Queen’s Club champion Matteo Berrettini is also a dangerman for Djokovic.

The Italian made the last 16 in 2019 where it took Federer to stop his progress.

He was also the first man to win the Queen’s title on debut since Boris Becker in 1985 — the German went on to win a maiden Wimbledon just weeks later.

Andy Murray, the 2013 and 2016 champion, will hope to ride a national wave of emotion at least into the second week.

But the injury-plagued Briton, a former world number one, is down at 119 in the rankings and has won just two matches all season.

Sixteen years on from his debut at the event, Murray faces Georgia’s Nikoloz Basilashvili in the first round.

Serena Williams turns 40 on Sept 26 and the arrival of that landmark birthday will be all the sweeter if she has at last equalled Margaret Court’s all-time record of 24 Grand Slam singles titles.

The tennis legend could even hold the record outright if she wins both Wimbledon and the US Open but despite holding her own in the top 10, there is a fear that age is impacting on her powers.

A fourth round loss at the French Open to Kazakh 21st seed Elena Rybakina reflected this although clay would be her least preferred surface despite three Roland Garros titles.

However, her chances of an eighth Wimbledon crown have improved with the withdrawals of world number two Naomi Osaka and Simona Halep, who beat her in the 2019 final.

That was one of four Grand Slam finals Williams has played since she drew within one title of the controversial Court’s record at the 2017 Australian Open.

Fellow American tennis legend Chris Evert believes Williams is still capable of winning at Wimbledon where she has been the losing finalist on her last two visits.
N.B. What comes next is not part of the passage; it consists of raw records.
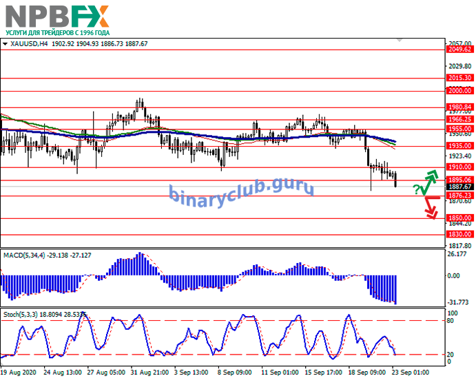 XAU/USD: золото на пороге новых минимумов 23.09.2020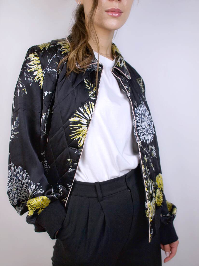 Lekka jedwabna kurtka luksusowej marki Baum und Pferdgarten, cena katalogowa to 399$. Rozmiar z metki 42, pięknie wygląda również na mniejszych rozmiarach. Bardzo dobry stan.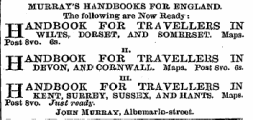 MURRAY'S HANDBOOKS FOR ENGLAND . The following are Now Ready : HANDBOOK FOE , TRAVELLERS IN WILTS , DORSET , AND SOMERSET . Maps . Post 8 vo . 6 s . HANDBOOK FOR * TRAVELLERS IN DEVON , AND CORNWALL . Maps . Post 8 ro . 6 s . in . TTANDBOOK FOR TRAVELLERS IN ilJ- KENT , SURREY , SUSSEX , AND HANTS . Maps . Post 8 vo . Just ready . John Mukkat , Alboniarlo-stroot .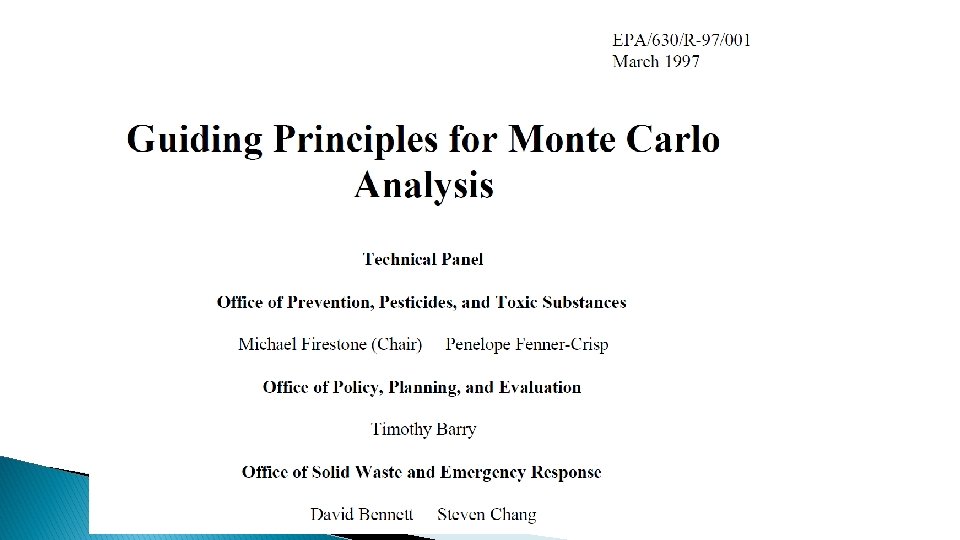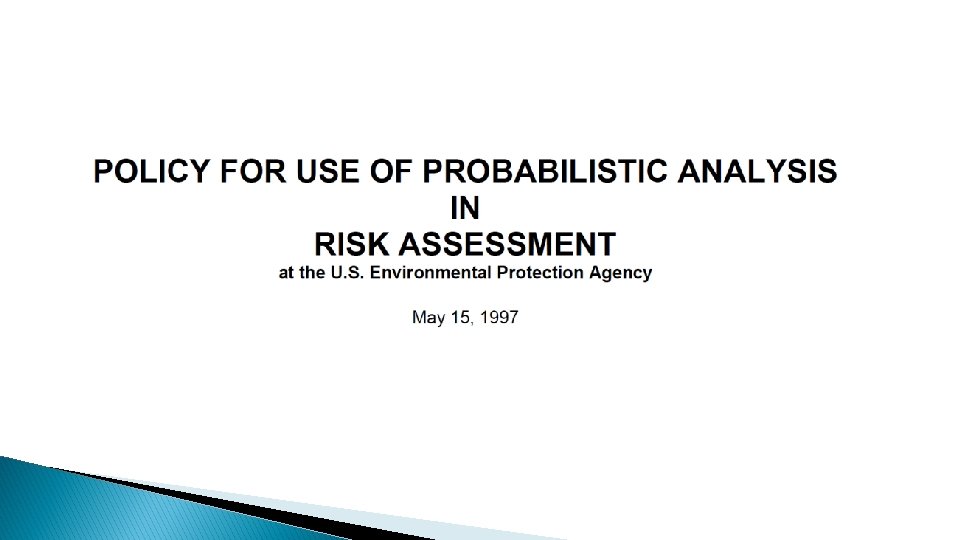 EPA’s “Deterministic” Risk Assessments � “The Agency has developed simplified approaches to characterize risks associated with such complex assessments through the use of point estimates for model variables or parameters. Such an approach typically produces point estimates of risks (e. g. , 10‐ 5 or a lifetime probability of cancer risk of one individual in 100, 000). These often are called “deterministic” assessments. As a result of the use of point estimates for variables in model algorithms, deterministic risk results usually are reported as what are assumed to be either average or worst‐case estimates. They do not contain any quantitative estimate of the uncertainty in that estimate, nor report what percentile of the exposed population the estimate applies. ” (EPA, 2014)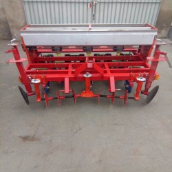 本产品主要是膜上播种玉米、谷子、黍子、花生、谷物类。适合于干旱半干旱地区使用。能够一次性完成前置刮土、整平、开沟、深施颗粒肥、铺膜、压膜、穴播、覆土等工序。本机采用先铺膜后播种工艺,无需人工破膜,避免了先播种后铺膜造成的繁重体力劳动。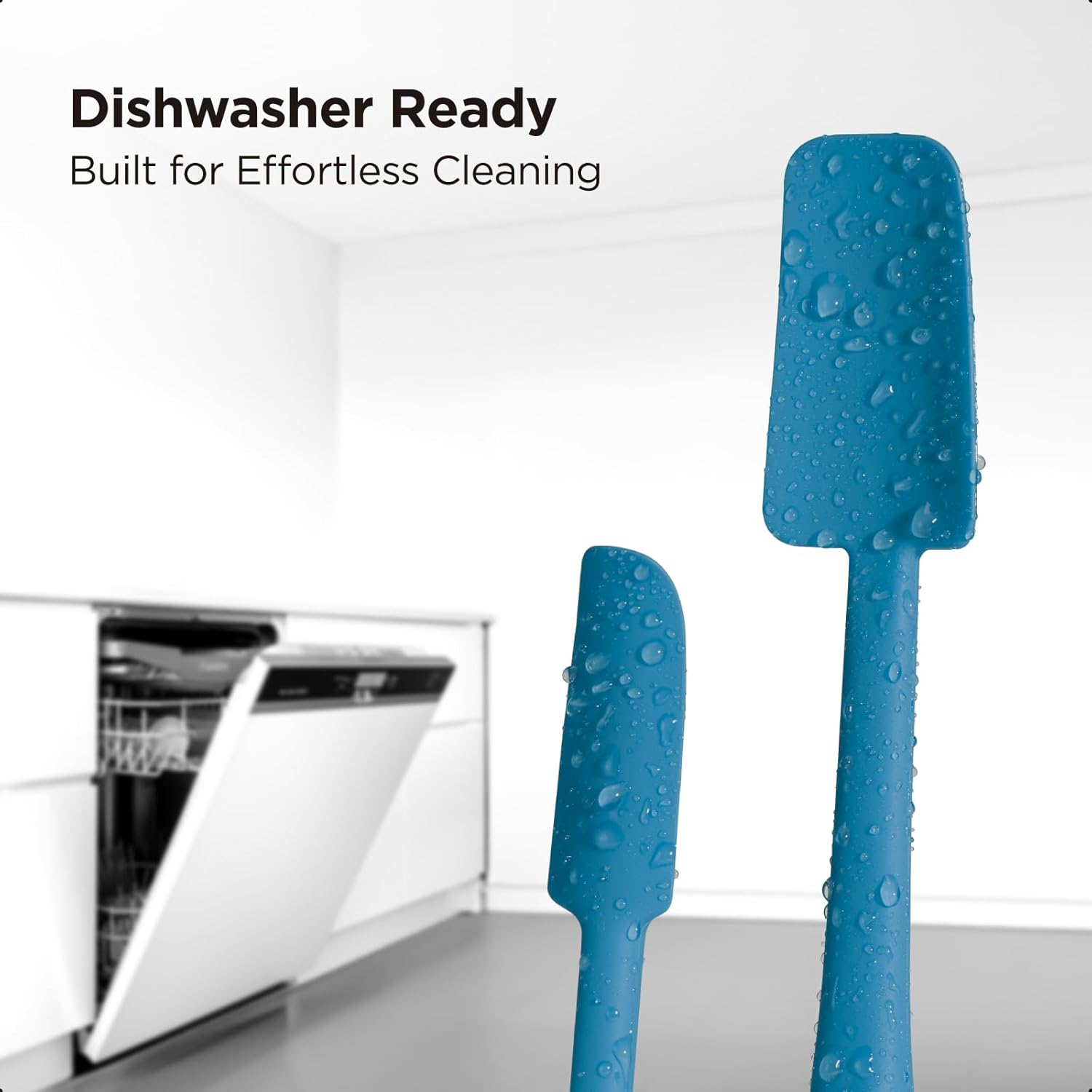 Kitchen Mama WaltzGrip Platinum Silicone Jar and Can Spatula Utensil Set: Heat-Resistant, Nonstick Scraper, Scooping, Perfect for Smoothies, Jam, Cream, Peanut Butter, Dishwasher Cooking Gadget (Blue)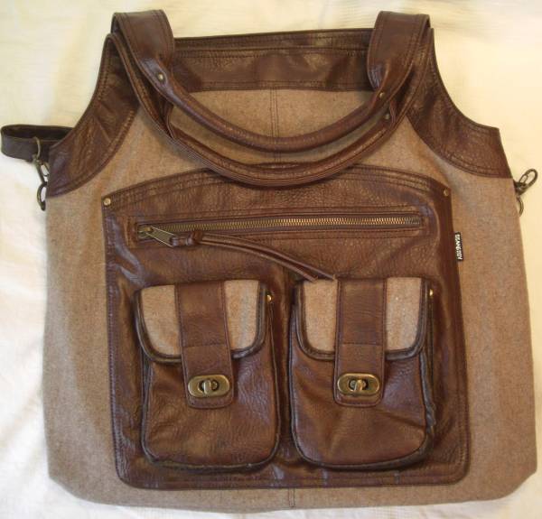 ★オシャレな落ち着いたフェルト風の布地に皮のフレームとポケットが付いて居り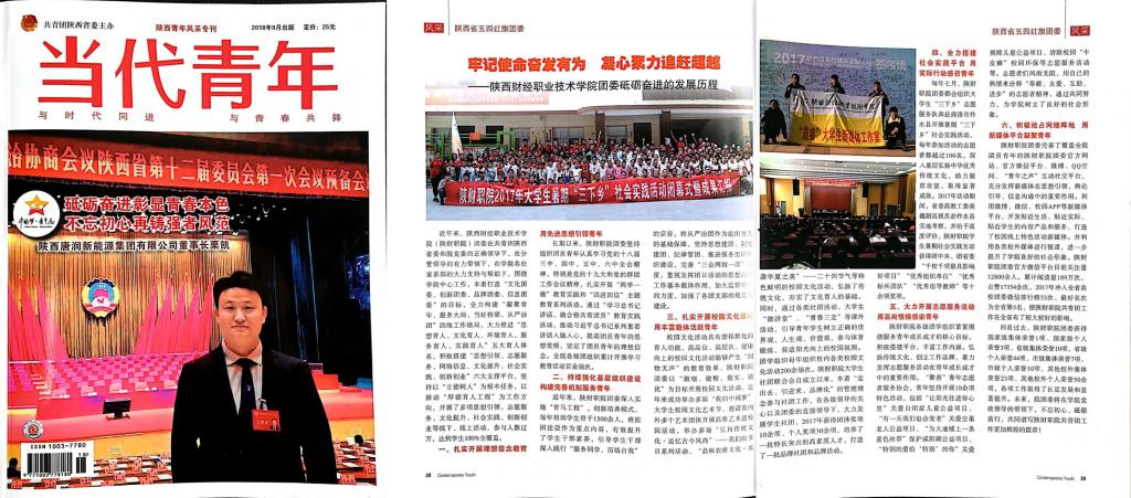 近期,共青团陕西省委主办的《当代青年》2018年9月版专版中刊发了题为《牢记使命奋发有为凝心聚力追赶超越——陕西财经职业技术学院团委砥砺奋进的发展历程》的报道。本次风采展示共刊发四所院校的共青团工作。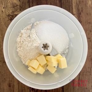 - クッキー生地を作る。バーミックス(スライシー/チョッピングナイフ)に全ての材料を入れ、混ぜ合わせる。オーブンペーパーで生地をはさみ2mmの厚さに伸ばし、冷凍庫で休ませる。クッキー生地を休ませた後、型から抜いて再度冷凍庫に入れておく。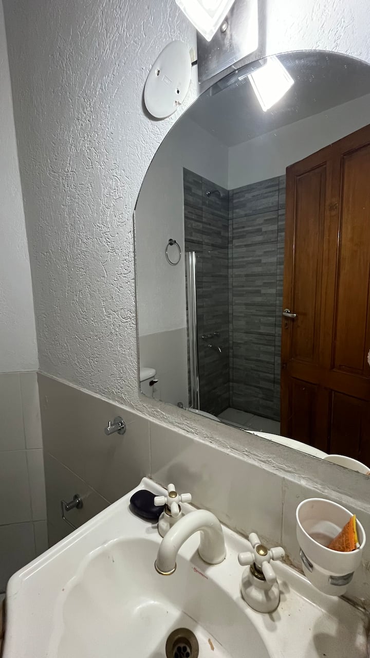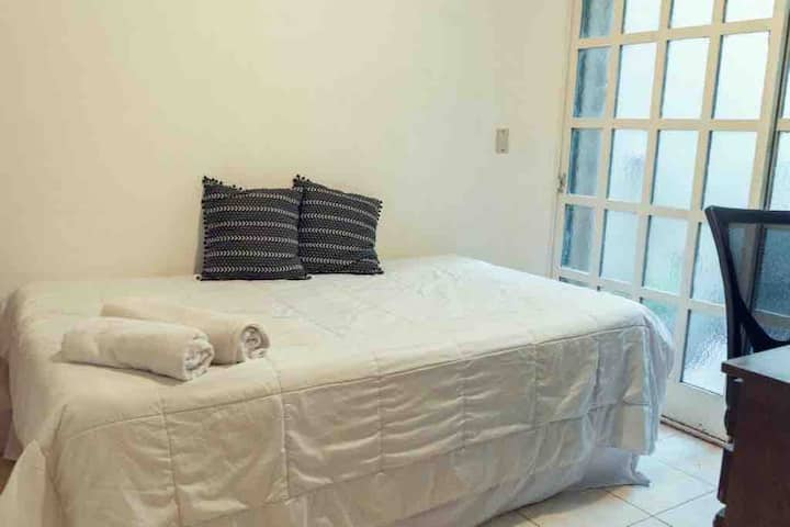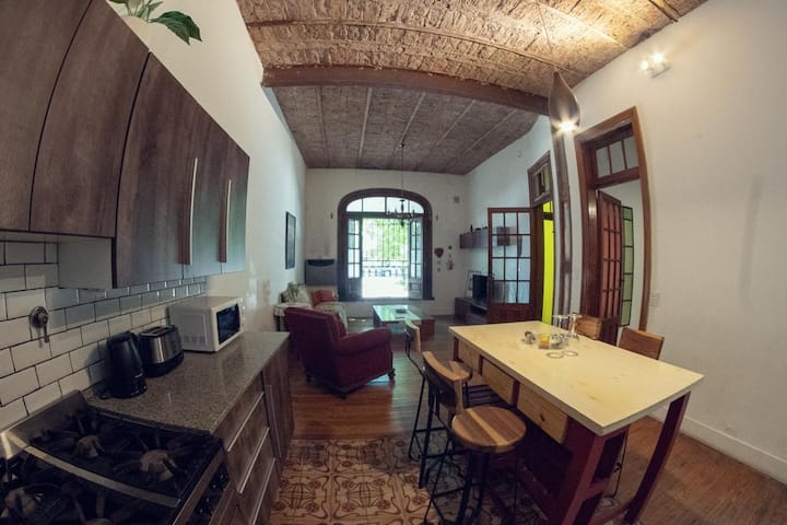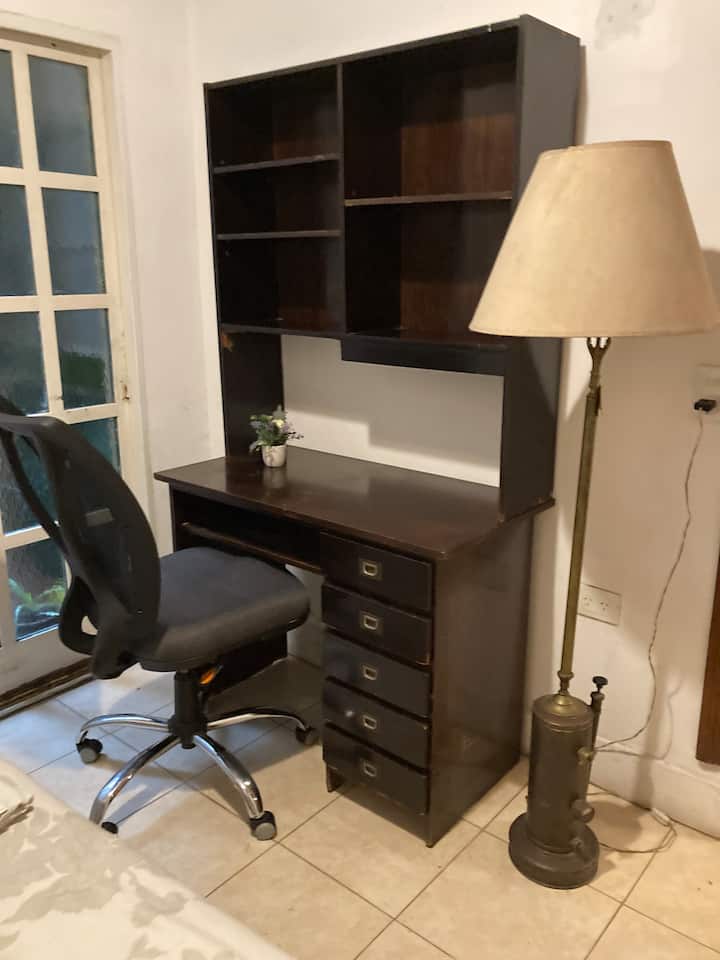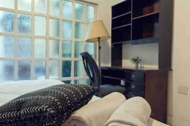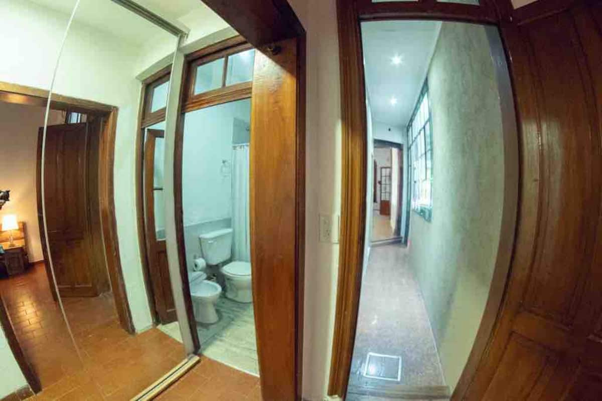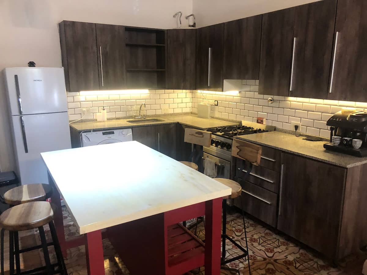 Two-bedroom apartment in Chacarita. One bedroom has a double bed, an en-suite bathroom and air conditioning. The second bedroom includes a desk and chair, with towels provided. There is a second full bathroom and a combined living and dining area integrated with the kitchen, overlooking an interior window for natural light, plus an inner courtyard with plants. The unit also has access via a large terrace with a grill on the first floor, in an upstairs property. Construction is underway on the bl

Williams’s opponent in the first round Aliaksandra Sasnovich of Belarus may be the world number 100 but she reached the last 16 in 2018 beating two-time champion Petra Kvitova on the way.

World number one Ashleigh Barty will go into Wimbledon without a warm-up tournament on grass.

However, she says she has recovered from the hip injury which forced her to withdraw from the French Open.

The 25-year-old has the added motivation of it being the 50th anniversary of fellow indigenous Australian Evonne Goolagong Cawley won the first of her two Wimbledon titles.

Barty — who won the junior Wimbledon title in 2011 — will open on Centre Court on Tuesday in what is sure to be an emotion-filled encounter with Carla Suarez Navarro.

The 32-year-old Spaniard, playing in her final Wimbledon, remarkably returned to the circuit this year after an eight-month battle with cancer.

Barty, despite never getting further than the fourth round, says she dreams about winning the title.

Barbora Krejcikova is the form player after her surprise triumph in the French Open.

Grass, though, is a foreign surface to the 25-year-old Czech but she has done her research having discussed it both with her late compatriot and former coach Jana Novotna (Wimbledon champion in 1998) and legend Martina Navratilova.

Krejcikova takes on 18-year-old Dane Clara Tauson in her opening match.

One player who will remind spectators of what fun it was to watch tennis before coronavirus will be American teenager Coco Gauff. As a 15-year-old she lit up the 2019 tournament both on and off the court after reaching the last 16 having come through the qualifiers.